◆ **THE TASK**: Skip the images and return the records below exactly.

[Recorded data]
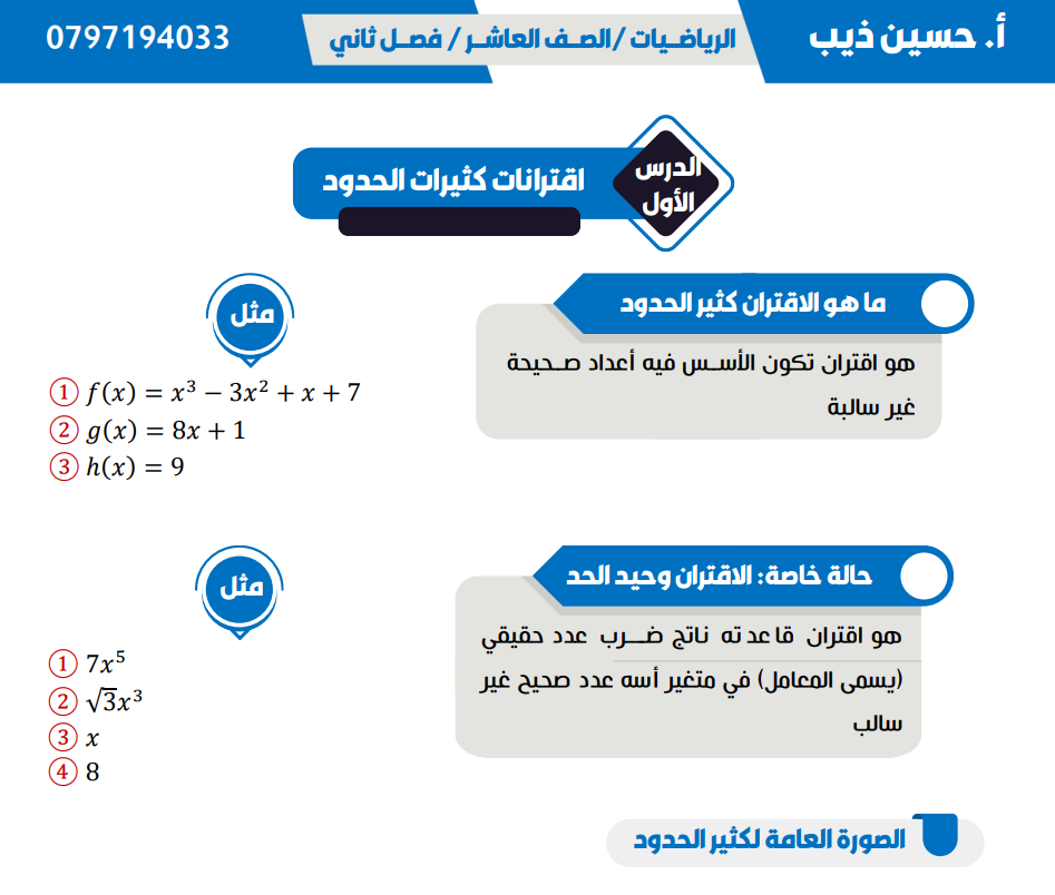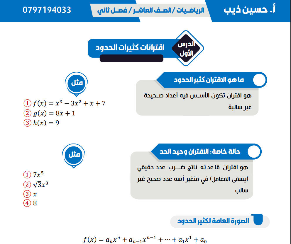 ورقة عمل كثيرات الحدود أ. احمد ابو سويد | الرياضيات (الصف العاشر )
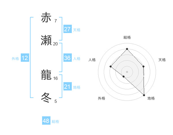 赤瀬 龍冬さんを姓名の画数から五運を鑑定
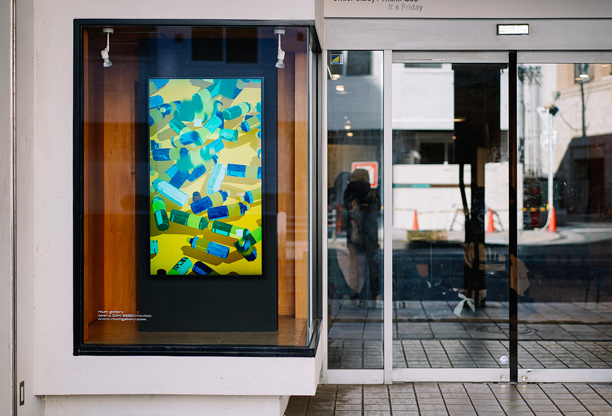 nium gallery is a tiny art gallery that is made of only one digital monitor installed in a shop window. The concept consists of three “openness” - which is “open to the city”, “open to everyone” and “opens 24H/365D”. The arts in this gallery can be appreciated by any pedestrian who cross in front of the shop window. We aim to make this gallery a truly public gallery to give a little bit of fun for the street.
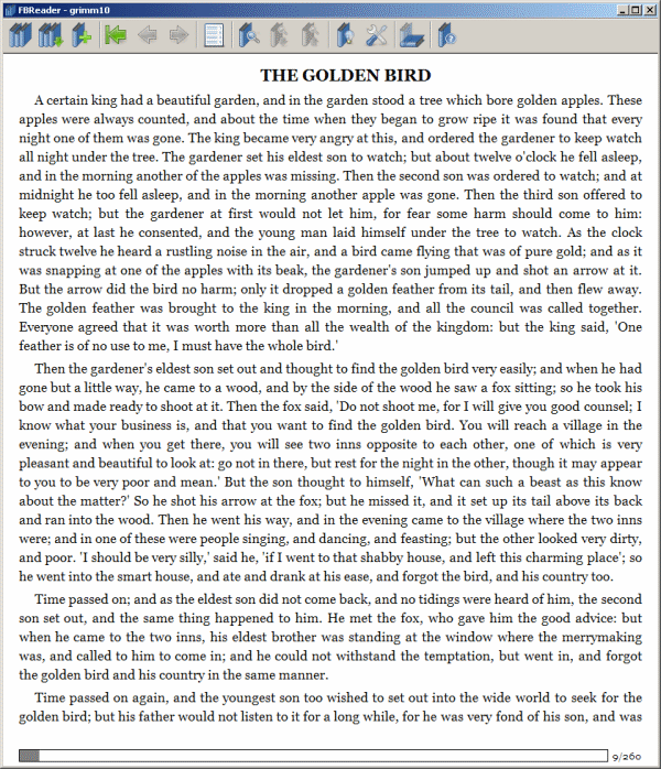 FBReader is removing the excess line breaks, as you can see in both screenshots, compared to what Kacir posted. You can also see that it figured out what the title of this story was and displayed it like a header. Note that the file contains several stories, one after the other. |
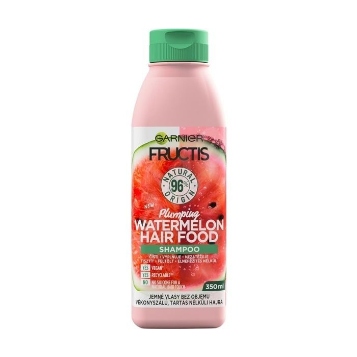 Vyplňujúci šampón na vlasy Watermelon Hair Food od Garnier Fructis s obsahom kokosového oleja, vitamínom E, C a výťažkom z melóna sa účinne a šetrne stará o jemné riedke vlasy a navracia im pôvodnú vitalitu a lesk. Obsahuje 96 % prírodných látok. Šampón vaše vlasy jemne čistí, vypĺňa štruktúru vlasu, dodá im objem a hebkosť. Jeho ľahká receptúra vlasy nezaťažuje. Skvelým benefitom je tiež iskrivá melónová vôňa a zaujímavý dizajn šampónu. Pre nádherne ošetrené vlasy je tu Fructis Watermelon Hair Food!
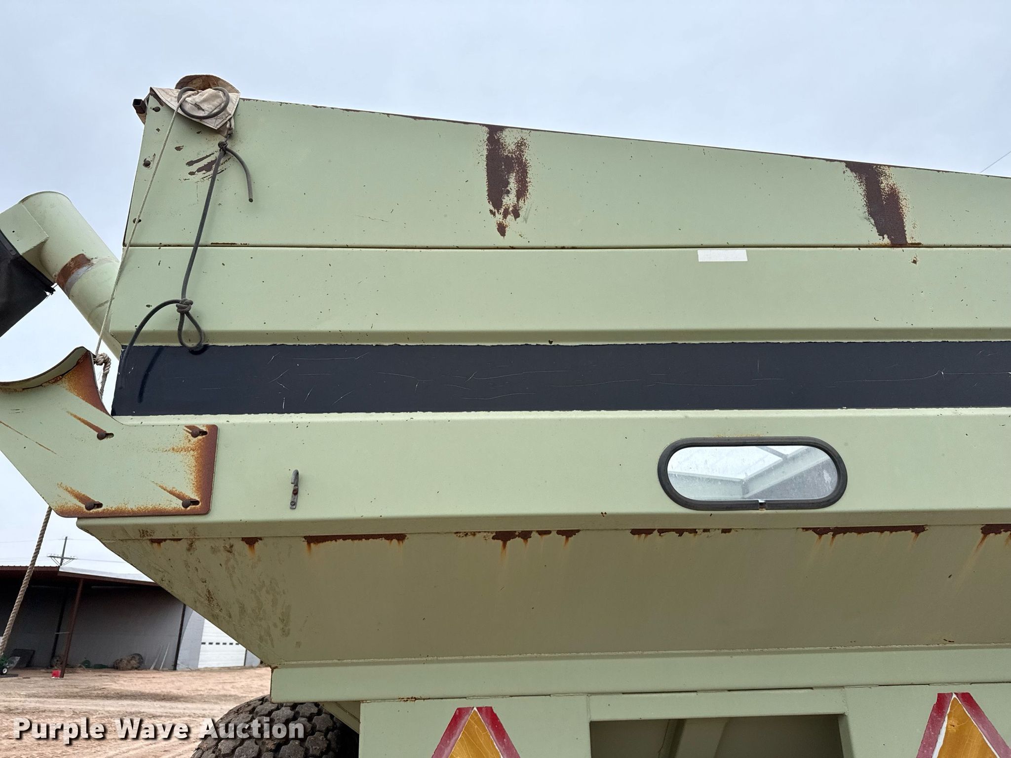 Orthman 608-000 grain cart. Serial: 3389-31. Features Auger diameter: 12", Shut-off gate: Manual, Compartments: 1, Roll tarp, PTO: 1 3/4" 1000. Tires Size: 24.5-32, Brand: Firestone. High Plains Hay Producers. Groom, TX 79039
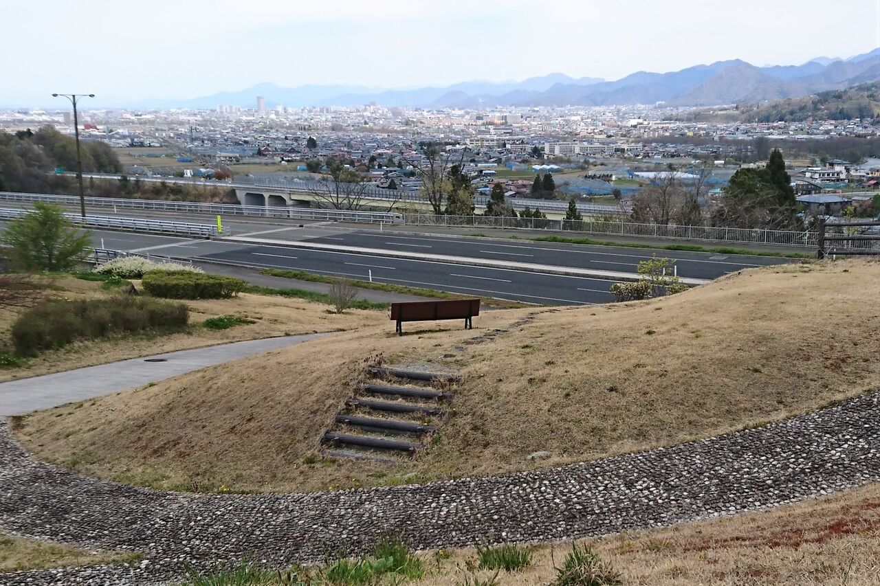 これは、みはらしの丘で散歩中に見つけたベンチ。道路のはるか先にはセントラル。
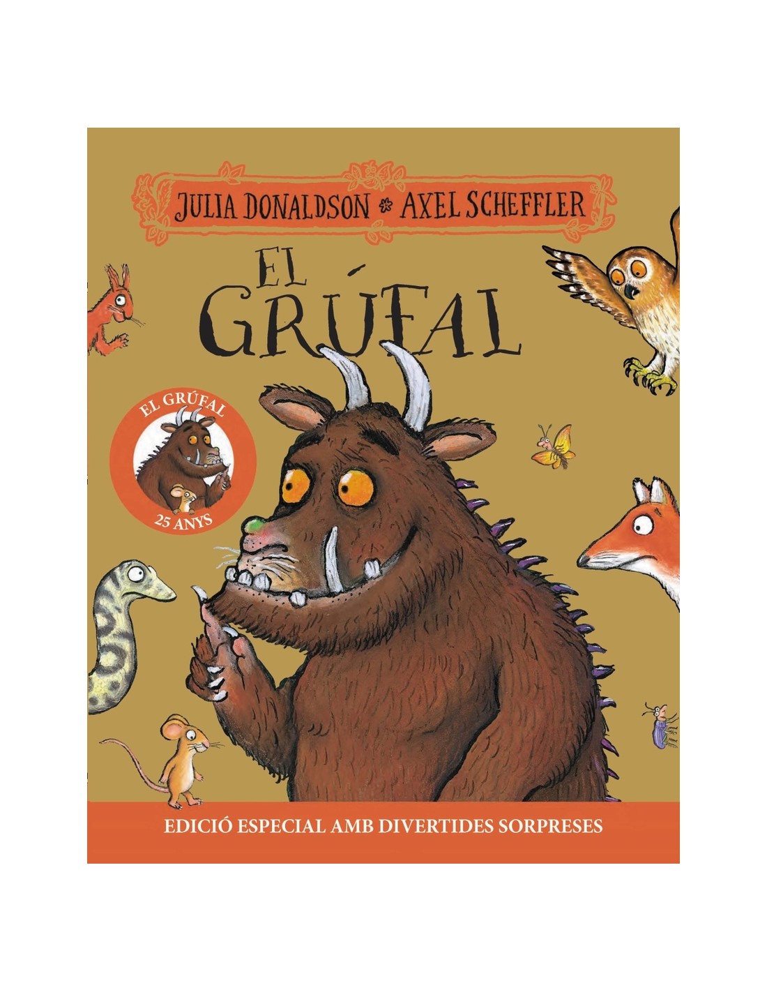 El grúfal té uns ullals terribles, les grapes esmolades i fortes i una berruga verinosa a la punta del nas;per això, tots els animals del bosc fugen quan el veuen! Celebra els 25 anys d'aquest clàssic amb una edició especial que inclou les curiositats i sorpreses més divertides!

◆ **RESPONSE TO THE TASK**:
 ورقة عمل كثيرات الحدود أ. احمد ابو سويد | الرياضيات (الصف العاشر )
 赤瀬 龍冬さんを姓名の画数から五運を鑑定
 nium gallery is a tiny art gallery that is made of only one digital monitor installed in a shop window. The concept consists of three “openness” - which is “open to the city”, “open to everyone” and “opens 24H/365D”. The arts in this gallery can be appreciated by any pedestrian who cross in front of the shop window. We aim to make this gallery a truly public gallery to give a little bit of fun for the street.
 FBReader is removing the excess line breaks, as you can see in both screenshots, compared to what Kacir posted. You can also see that it figured out what the title of this story was and displayed it like a header. Note that the file contains several stories, one after the other. |
 Vyplňujúci šampón na vlasy Watermelon Hair Food od Garnier Fructis s obsahom kokosového oleja, vitamínom E, C a výťažkom z melóna sa účinne a šetrne stará o jemné riedke vlasy a navracia im pôvodnú vitalitu a lesk. Obsahuje 96 % prírodných látok. Šampón vaše vlasy jemne čistí, vypĺňa štruktúru vlasu, dodá im objem a hebkosť. Jeho ľahká receptúra vlasy nezaťažuje. Skvelým benefitom je tiež iskrivá melónová vôňa a zaujímavý dizajn šampónu. Pre nádherne ošetrené vlasy je tu Fructis Watermelon Hair Food!
 Orthman 608-000 grain cart. Serial: 3389-31. Features Auger diameter: 12", Shut-off gate: Manual, Compartments: 1, Roll tarp, PTO: 1 3/4" 1000. Tires Size: 24.5-32, Brand: Firestone. High Plains Hay Producers. Groom, TX 79039
 これは、みはらしの丘で散歩中に見つけたベンチ。道路のはるか先にはセントラル。
 El grúfal té uns ullals terribles, les grapes esmolades i fortes i una berruga verinosa a la punta del nas;per això, tots els animals del bosc fugen quan el veuen! Celebra els 25 anys d'aquest clàssic amb una edició especial que inclou les curiositats i sorpreses més divertides!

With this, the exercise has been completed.